__WHAT THE TASK ASKS__.
Without the pictures, output the records below exactly as they are.

• • • • • • •

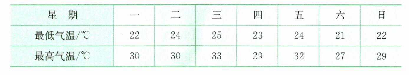 答:这一周平均每天的最低气温是23摄氏度。最高气温是30摄氏度。
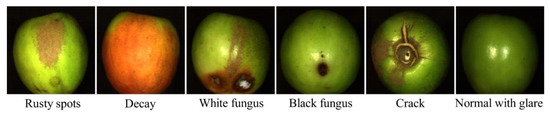 The jujubes used in this study were selected from the jujubes, with clear typical defect(s), screened out during postharvest process in jujube orchard located in Pingtung, Taiwan. The defects of jujube were identified by visual inspection with the assistance from jujube farmers. The samples with normal surfaces and five types of common skin defects (i.e., rusty spots, decay, white fungus, black fungus, and cracks) of Kaohsiung No.11 jujube were collected and stored in inspection laboratory at 25 °C. The hyperspectral images of specimens were acquired within two days after samples obtained. Typical images for each skin condition are shown in Figure 1.
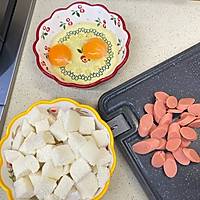 Ingredient preparation: dice steamed buns, slice ham, beat eggs
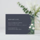 Share wedding reception details with your guests with these elegant botanical enclosure cards, designed to coordinate with our Greenhouse wedding suite. Design features your reception details, including timing, venue, and address, in crisp white lettering on a rich navy blue background adorned with tiny white flowers and green foliage.
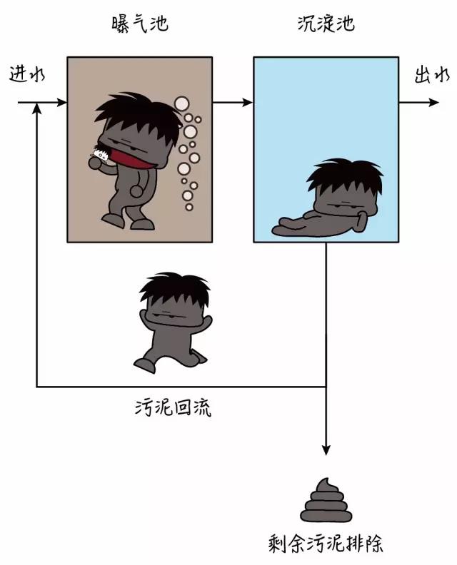簡單總結一下活性污泥法的運作過程,先在曝氣池吃飯,然后進沉淀池睡覺,睡醒了就順著回流管跑回曝氣池接著吃,XXXX直接排掉。
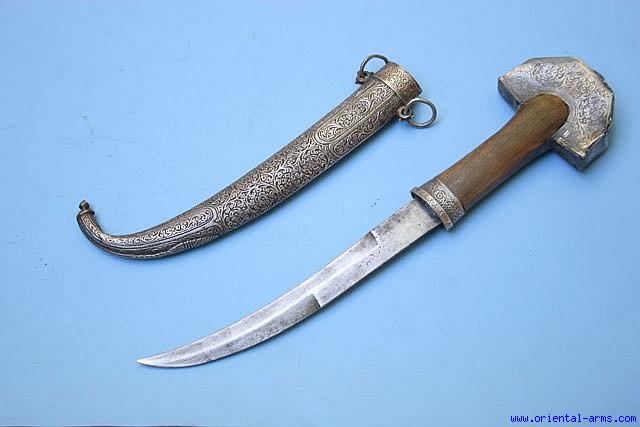 Up for sale is this good Koumaya Dagger early 20C, probably 1920 - 1930 from Morocco. Classical blade, 9 inches long, double edged at its lower half and single edged at the top. The handle is carved from a single piece of Rhino horn with a very clear fibrous structure. The pommel head is chased silver as well as the grip collars and scabbard. Total length 16 ½ inches. Good condition. The silver pommel has few dents and small cracks. |
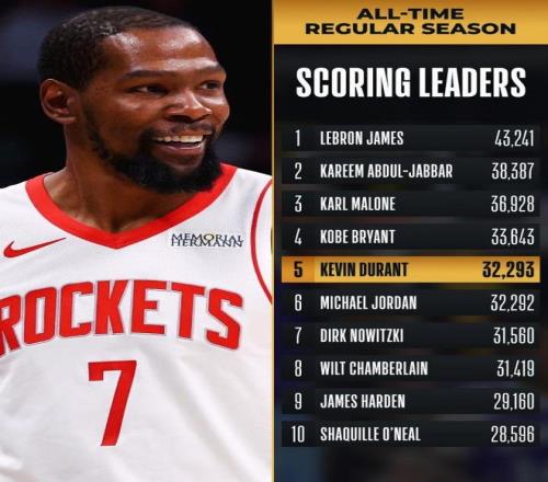 此役,杜兰特砍下27分,职业生涯总得分超越了乔丹,升至NBA历史第5位!
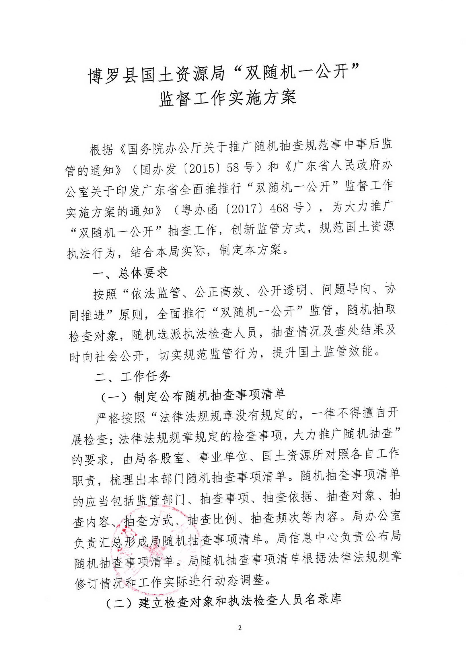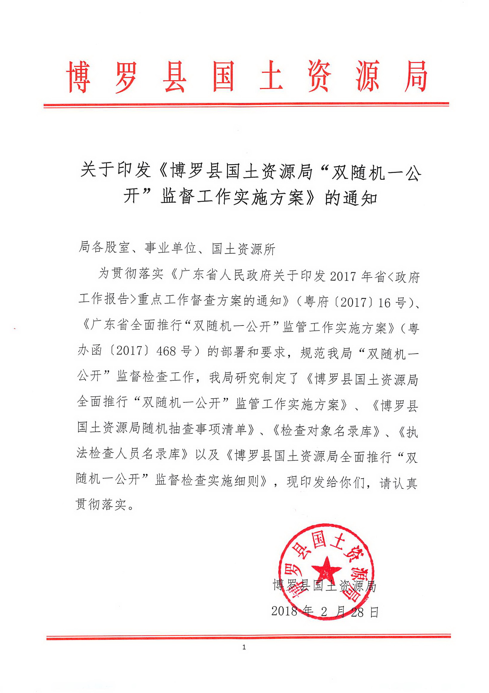 關(guān)于印發(fā)《博羅縣國土資源局2018年度“雙隨機(jī)一公開”監(jiān)督工作實施方案》的通知
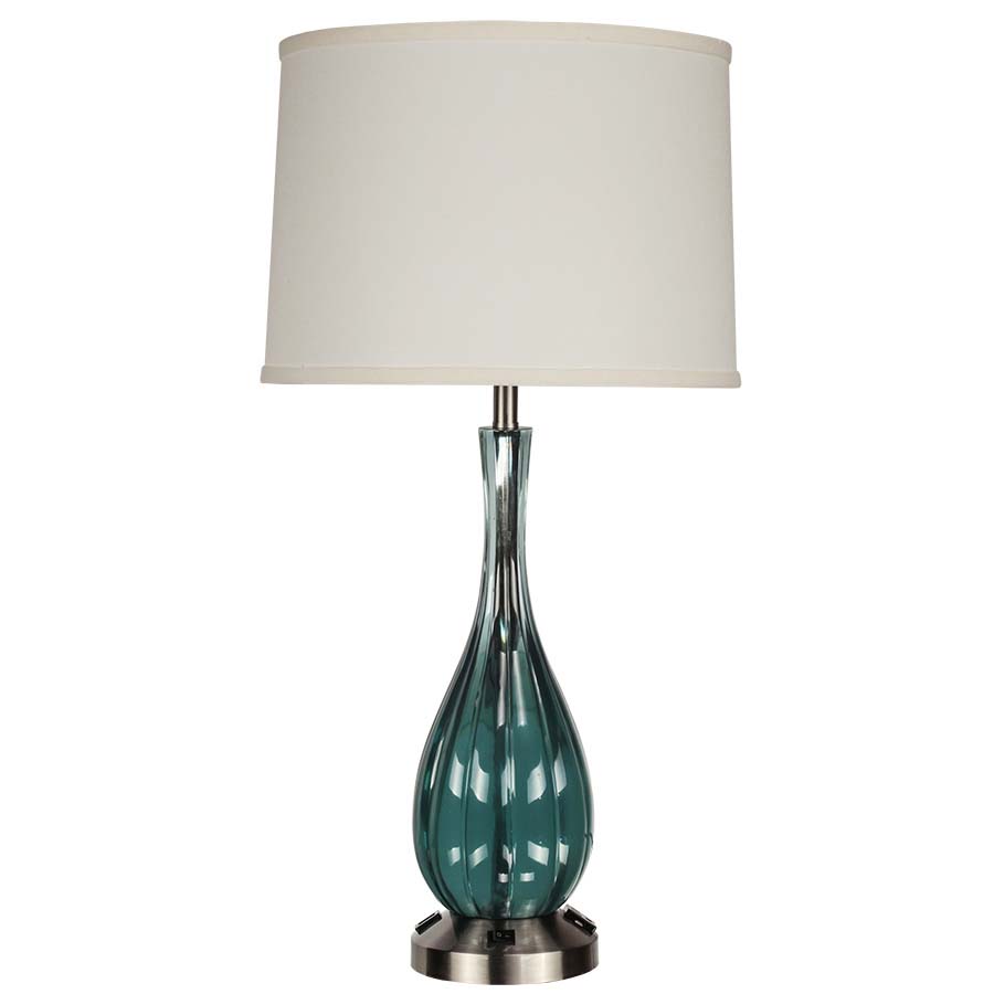 27.5"H Aqua Resin and Brushed Nickel Table Lamp, on/off rocker base switch, medium base socket, one convenience outlet and one USB port, 8' Silver 45° 3-prong grounded cord, 13x14x10 Linda Parchment HB Shade. Recommend 1100 lumen LED bulb.
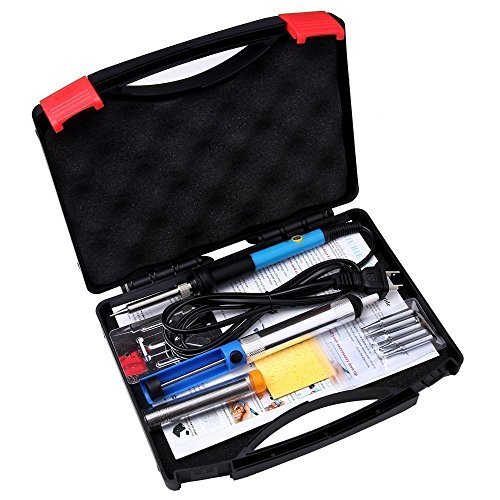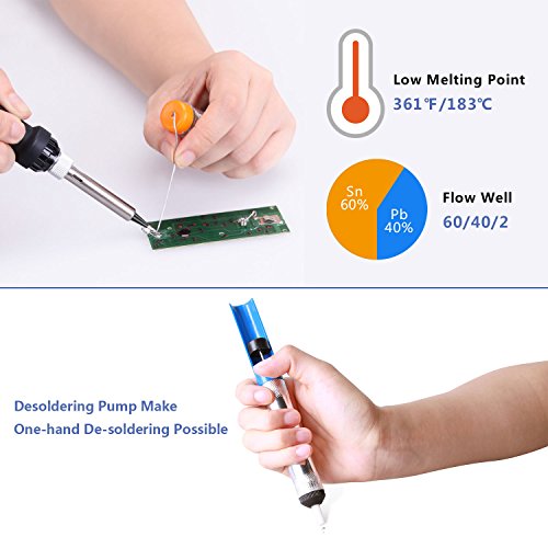 【Soldering KIT】 - Soldering iron kit comes with soldering iron, solder wire, desoldering pump, stand with cleaning sponge, 5 multiple soldering tips, anti-static tweezers, and a hard carry case to meet all your soldering project needs.
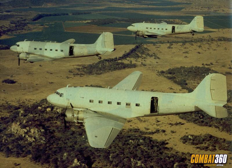 A superb photo of the three ship Dakota formation en route to the Chimoio strike. On the far Dak, you can clearly see the anti Strela mod fitted to the engine exhaust. The Dak with serial 53 (nearest camera) is one of the original Daks to SRAF/RRAF, and 03 (leading) is ex-SAAF 6841 taken on charge 7.02.64.
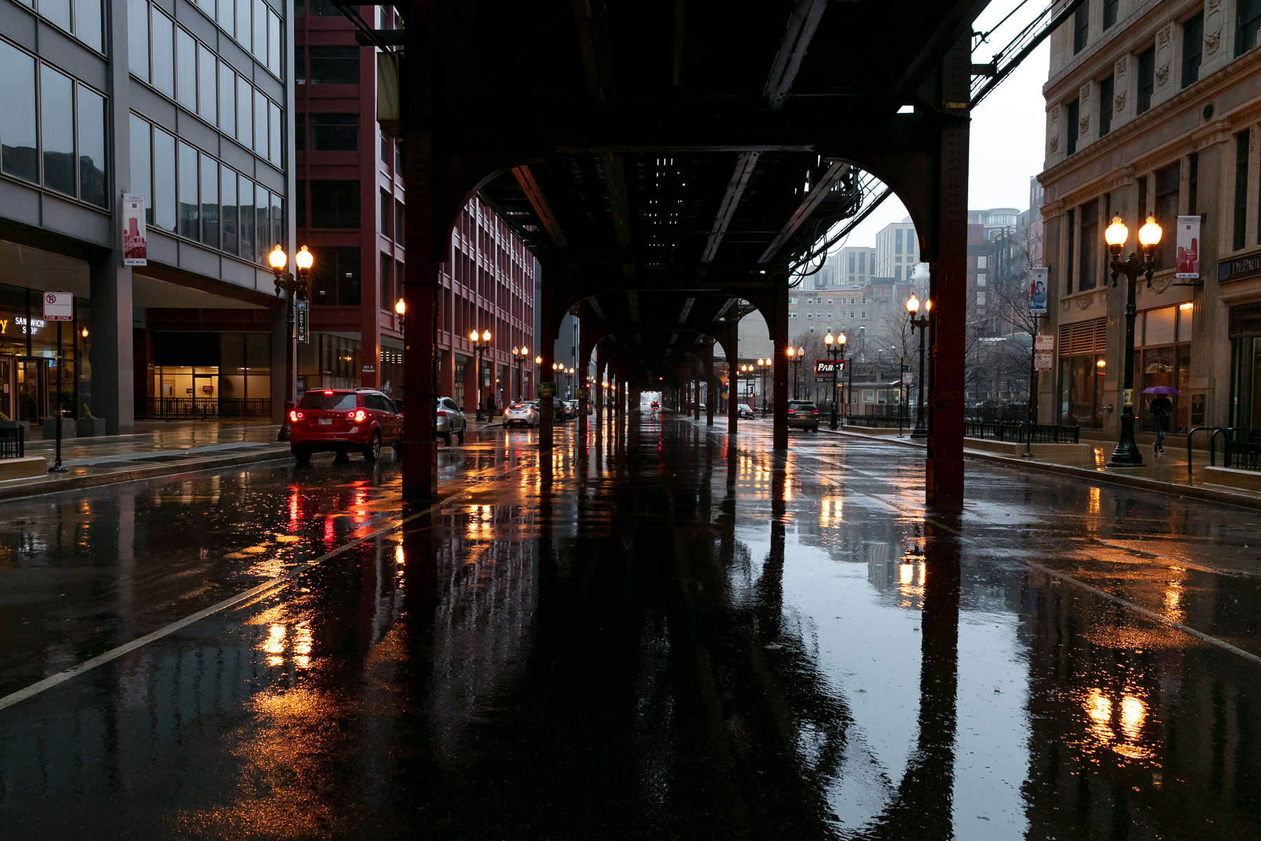 Wabash Avenue, usually busy during the height of evening rush hour, remains quiet as many citizens stay home during the COVID-19 pandemic. (DePaul University/Randall Spriggs)
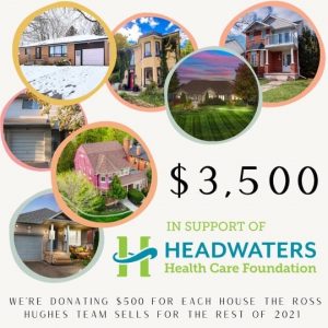 NEW MILESTONE REACHED! We’ve donated $3500 to the Headwaters Health Care Foundation to support the purchase of urgently needed medical equipment! That’s the result of our initiative to donate $500 from every house the Ross Hughes Team sells up until Dec. 31, 2021. What will the final tally be?
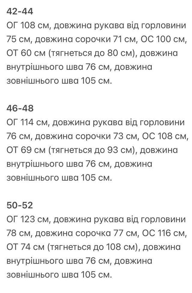| 4XL | 48 | 54 | 106-110 | 86-90 | 114-118 |
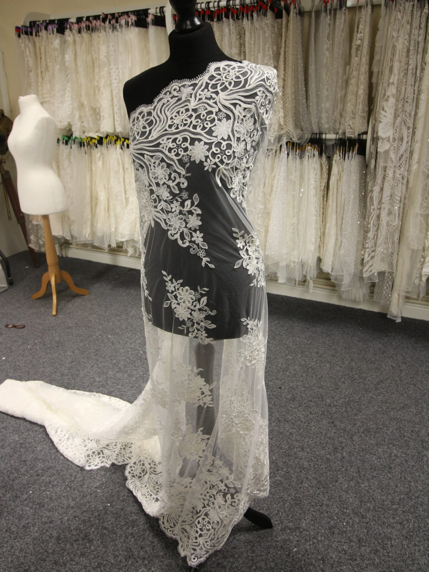 Libby is an ivory lace that measures 132 cm (52″) from edge to edge. Both borders match one another and extend 38 cm (34″) into the body of the pattern. The outer detail in the border is beautifully embroidered and then embellished with a lustrous ribbon. There is a little cording at the edge of the border but most the inner part of the border and the motifs throughout the body of the lace are tastefully corded. The motifs measure 22 cm (9″) x 13.5 cm (5.5″).

• • • • • • •

__REPLY__.
 答:这一周平均每天的最低气温是23摄氏度。最高气温是30摄氏度。
 The jujubes used in this study were selected from the jujubes, with clear typical defect(s), screened out during postharvest process in jujube orchard located in Pingtung, Taiwan. The defects of jujube were identified by visual inspection with the assistance from jujube farmers. The samples with normal surfaces and five types of common skin defects (i.e., rusty spots, decay, white fungus, black fungus, and cracks) of Kaohsiung No.11 jujube were collected and stored in inspection laboratory at 25 °C. The hyperspectral images of specimens were acquired within two days after samples obtained. Typical images for each skin condition are shown in Figure 1.
 Ingredient preparation: dice steamed buns, slice ham, beat eggs
 Share wedding reception details with your guests with these elegant botanical enclosure cards, designed to coordinate with our Greenhouse wedding suite. Design features your reception details, including timing, venue, and address, in crisp white lettering on a rich navy blue background adorned with tiny white flowers and green foliage.
簡單總結一下活性污泥法的運作過程,先在曝氣池吃飯,然后進沉淀池睡覺,睡醒了就順著回流管跑回曝氣池接著吃,XXXX直接排掉。
 Up for sale is this good Koumaya Dagger early 20C, probably 1920 - 1930 from Morocco. Classical blade, 9 inches long, double edged at its lower half and single edged at the top. The handle is carved from a single piece of Rhino horn with a very clear fibrous structure. The pommel head is chased silver as well as the grip collars and scabbard. Total length 16 ½ inches. Good condition. The silver pommel has few dents and small cracks. |
 此役,杜兰特砍下27分,职业生涯总得分超越了乔丹,升至NBA历史第5位!
 關(guān)于印發(fā)《博羅縣國土資源局2018年度“雙隨機(jī)一公開”監(jiān)督工作實施方案》的通知
 27.5"H Aqua Resin and Brushed Nickel Table Lamp, on/off rocker base switch, medium base socket, one convenience outlet and one USB port, 8' Silver 45° 3-prong grounded cord, 13x14x10 Linda Parchment HB Shade. Recommend 1100 lumen LED bulb.
 【Soldering KIT】 - Soldering iron kit comes with soldering iron, solder wire, desoldering pump, stand with cleaning sponge, 5 multiple soldering tips, anti-static tweezers, and a hard carry case to meet all your soldering project needs.
 A superb photo of the three ship Dakota formation en route to the Chimoio strike. On the far Dak, you can clearly see the anti Strela mod fitted to the engine exhaust. The Dak with serial 53 (nearest camera) is one of the original Daks to SRAF/RRAF, and 03 (leading) is ex-SAAF 6841 taken on charge 7.02.64.
 Wabash Avenue, usually busy during the height of evening rush hour, remains quiet as many citizens stay home during the COVID-19 pandemic. (DePaul University/Randall Spriggs)
 NEW MILESTONE REACHED! We’ve donated $3500 to the Headwaters Health Care Foundation to support the purchase of urgently needed medical equipment! That’s the result of our initiative to donate $500 from every house the Ross Hughes Team sells up until Dec. 31, 2021. What will the final tally be?
| 4XL | 48 | 54 | 106-110 | 86-90 | 114-118 |
 Libby is an ivory lace that measures 132 cm (52″) from edge to edge. Both borders match one another and extend 38 cm (34″) into the body of the pattern. The outer detail in the border is beautifully embroidered and then embellished with a lustrous ribbon. There is a little cording at the edge of the border but most the inner part of the border and the motifs throughout the body of the lace are tastefully corded. The motifs measure 22 cm (9″) x 13.5 cm (5.5″).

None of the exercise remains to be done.